How can we make adjustments? I do not know. In theory, one could establish something as a baseline and work off of that. Of course, setting such a baseline up would likely be a theoretical exercise and not necessarily based on reality. Counting shots and other stats independently of the team could work; but that requires a lot of time, energy, effort, and common definitions. There was a movement to do that for scoring chances; but even with a defined way of doing it, it was not easy to do and that movement died out in about 2012 at about the time Eric Tulsky posted this at NHL Numbers. Chances are now driven by shot location, which is in the metadata of the NHL play by play log anyway.

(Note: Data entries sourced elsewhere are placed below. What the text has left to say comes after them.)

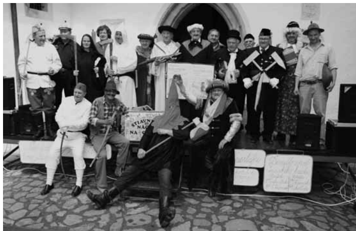
Kolektív banskoštiavnického živého orloja

V rámci festivalového programu vystúpil v sobotu o 12:00 a 14:00 s už tradične veľkým úspechom aj živý banický orloj, ktorý je od roku 2000 pravidelnou súčasťou programu tohto podujatia (s výnimkou rokov 2002, 2009 a 2016). Orloj na spomenutom festivale vystúpil v rokoch: 2000, 2001, 2003, 2004, 2005, 2006, 2007, 2008, 2010, 2011, 2012, 2013, 2014, 2015, 2017 a 2018, teda spolu 16-krát. Jeho vystúpenia sa však (výnimočne) konali aj pri iných príležitostiach. V roku 2000 (1. decembra) v rámci programu osláv venovaných stému výročiu múzejníctva v Banskej Štiavnici (na Starom zámku), počas rozlúčky so starým a pri vítaní Nového roku 2005 (vystúpenie na Námestí sv. Trojice), v roku 2005 počas výjazdu štiavnického Náca (1. apríla 2005 na železničnej stanici vo Zvolene), v júli 2008 a 2011 v rámci programu 5., resp. 8. ročníka Rezbárskeho dňa na Štiavnických Baniach a v júni 2015 vystúpenie orloja doplnilo bohatý program 13. medzinárodného Erbe sympózia (na Starom zámku). Za originálnym banskoštiavnickým živým orlojom stojí kolektív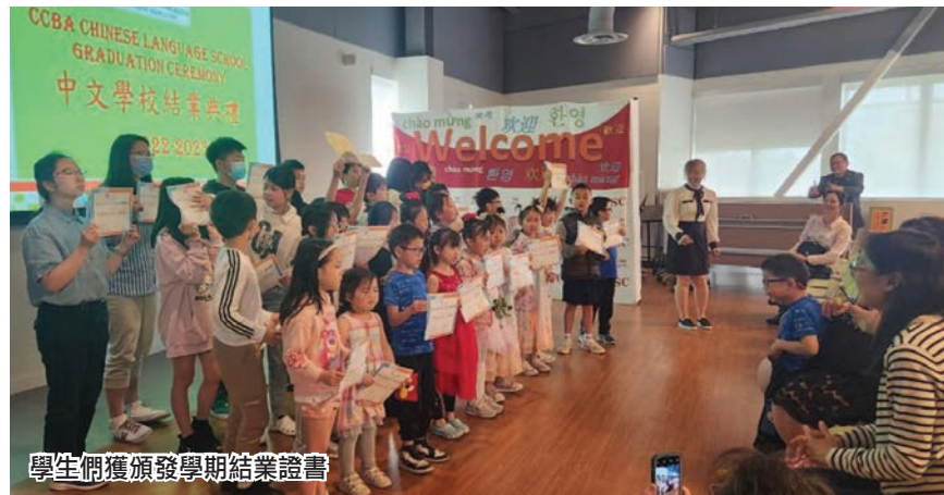
學生們獲頒發學期結業證書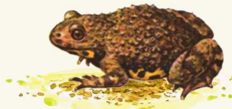
K kuňka žlutobřichá ( Bombina variegata )

- aktivní zvíře, které spí jen asi 80 minut denně. Samičí jelena je laň, jelen se pyšní krásným parožím.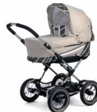
12410 Capri Creme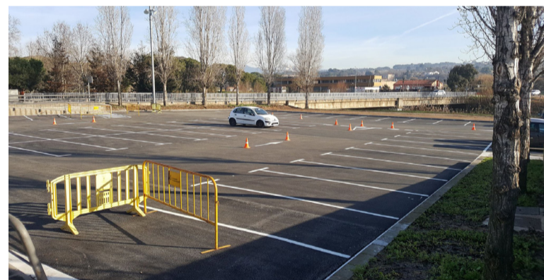
Aparcament del costat de la Piscina Municipal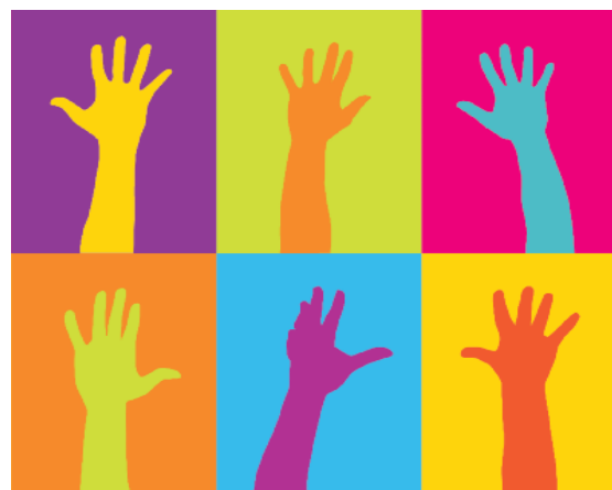
La possibilité d'avoir ta propre culture, de parler ta langue et de pratiquer ta religion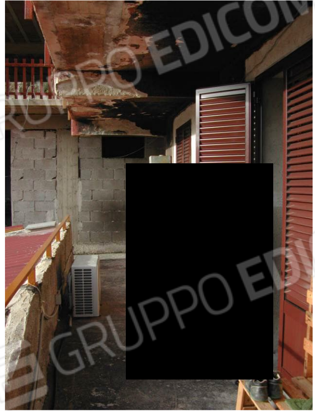
Foto 18 – Balcone sul prospetto laterale al piano 1 e porta finestra della cucina

Are adjustments possible? Yes. It appears they can be done based on some of the shifts in counts for the Devils scorer - especially within this post. But without any idea of what was it or how it was done, it is not clear how to do so in a reasonable fashion. And I do not know what would drive a change at all. Is it at the team-level? The league? The analytics people on teams? The fans? And what would be the incentive for change? other than have more confidence in a dataset for analysis that is, for all intents and purposes, a niche part of hockey fandom?
Until then, I have to conclude what I thought back in 2010. Scorer bias is still very much a thing. It is so with the Devils albeit different from what it was back then or even what it was two to four seasons ago. It appears to be so within the league as well. And as such, there needs to be some concern as far as how much value we put in various stats - especially if models are going to be built around them. Shots and shot attempts are one thing; giveaways and takeaways are another. Either way, the castles are still built on sand.
Thanks to Corsica for having the data available and thank you for reading.